NBCUniversal joined with Grammy-winning producer Timbaland and recording artist Princess Nokia to produce a music video entitled, “Erase The Hate.” The Music video’s release coincides with the one-year anniversary of 2017’s “United the Right” rally in Charlottesville, VA.
The news and entertainment media giant describes its “Erase The Hate” music video as part of its “social impact campaign” of the same name.
Music video lyrics below:
Here’s to the people, who work every day; to make the world better, stronger, and great. Let’s stand for the people who cannot make noise. Let’s stand for the people who don’t have a voice. Now is the time, the time for a change, the start of a chapter, the turn of a page. Time to reflect, and improve our ways, join hands together and erase the hate. Now more than ever is that we need voices whose passions send power all over the masses to people in office and children in classes. We need the people that cause the reactions. We need the artists who fight with they passions, who rap and they sing and they stand into action. We need the leaders who speak to the youth, bringing equality, courage, and truth. This is the time to peacefully say, ‘We need solutions and we need a change so we may start over and being as one.’ Erase the hate and stand for our cause.
NBC’s website for its political campaign invites users to register with their emails and contact information. It also highlights those it describes as “Change Makers” who “fight against hate and bias.”
The deadly riots in Charlottesville saw white supremacists and the left-wing domestic terrorist group Antifa clash. President Trump condemned, at the time, “in the strongest possible terms this egregious display of hatred, bigotry and violence on many sides, on many sides.”
NBC’s new campaign appears to echo President Trump’s repeated statements about promoting unity for all.
The president also denounced, two days later, the “criminals and thugs, including the KKK, neo-Nazis, white supremacists, and other hate groups that are repugnant to everything we hold dear as Americans.”
“We must rediscover the bonds of love and loyalty that bring us together as Americans,” President Trump said.
NBC’s “Erase The Hate” campaign pushes “social justice,” “cross-racial exclusivity,” “foster[ing] resilience in children of color,” “think[ing] critically about racial inequity,” “racial justice,” “empathy-based virtual reality,” “promoting equality,” “creat[ing] measurable, positive change in the lives of black people,” and “LGBTQ inclusion.”

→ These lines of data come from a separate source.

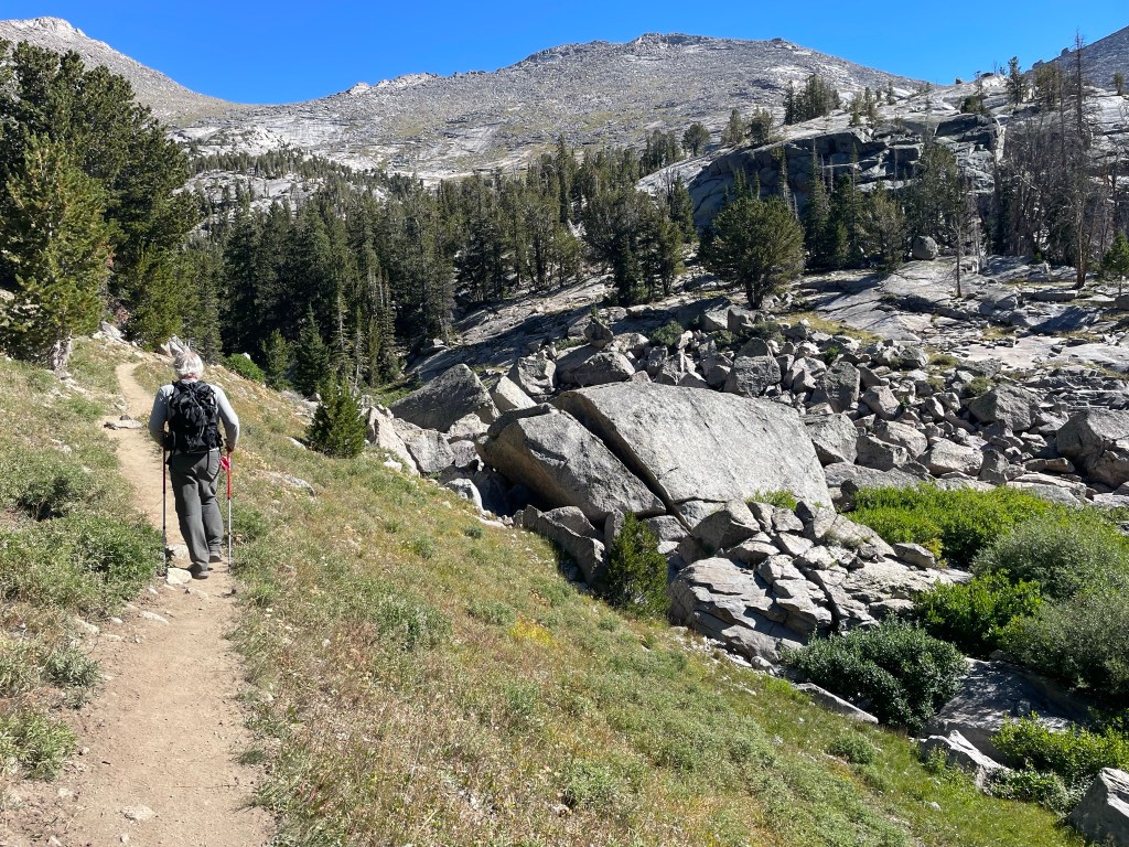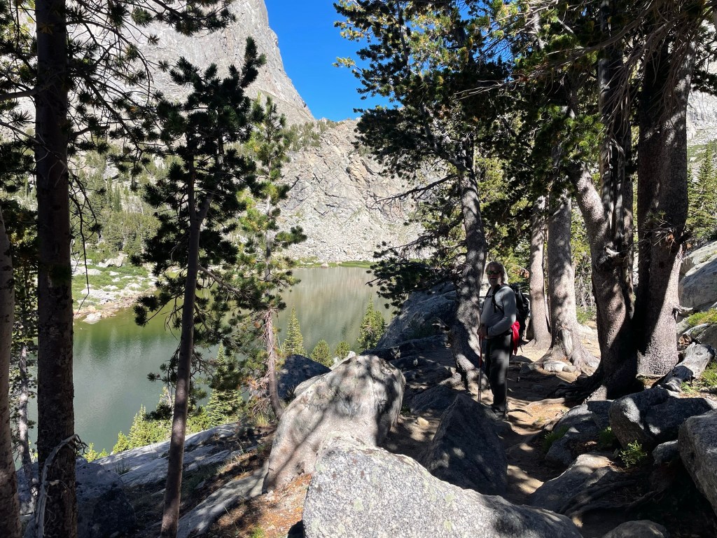 There was another steep climb up and around Arrowhead Lake, and when we got up and over the top of it we heard a cheerful “happy birthday!” We came face to face with Tim Hardy from my previous post. He had already been to the Cirque on his own, and Sue had opted to stay behind with a good book. It was fun to stop and chat with our new friend from back home in Alabama.
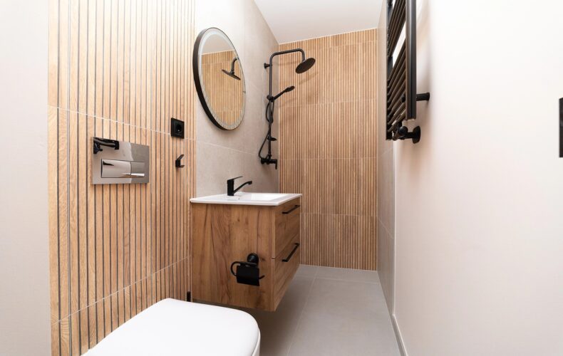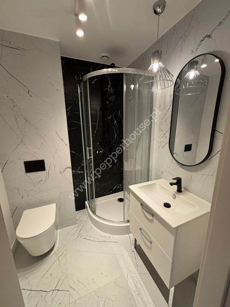 – Łazienka – wyposażona w prysznic, umywalkę, WC.
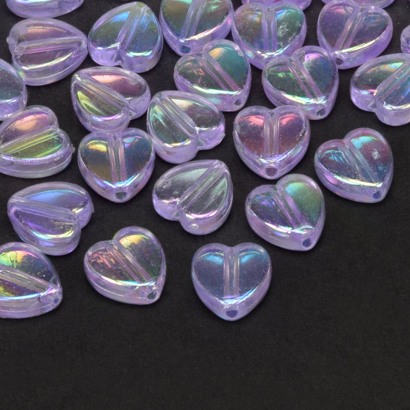 Бусины акриловые Сердце, 8,5х8,5 мм, Сиреневые АВ (BUS-059817) / 1 уп (5 г)

Bonnie Hammer, Chairman of NBCUniversal Cable Entertainment and founder of Erase The Hate, said, “Silence equals complicity. Hate and bias must be called out wherever and whenever we see it. We all have a part to play…fighting hate means using the positions and platforms we have to make the difference we can. I’m incredibly grateful to Timbaland and Princess Nokia for joining us to deliver Erase The Hate’s message of equality.”
Assorted celebrities and news media figures are joining a forthcoming “video manifesto” from “Erase The Hate,” including Bavo’s Andy Cohen and Padma Lakshmi, USA’s Gina Torres, Ryan Phillippe, Dulé Hill, Portia Doubleday, and The New Day (WWE), SYFY’s Christopher Meloni, E!’s Elizabeth Hurley and Zuri Hall, and “Erase The Hate” advisory council member Soledad O’Brien.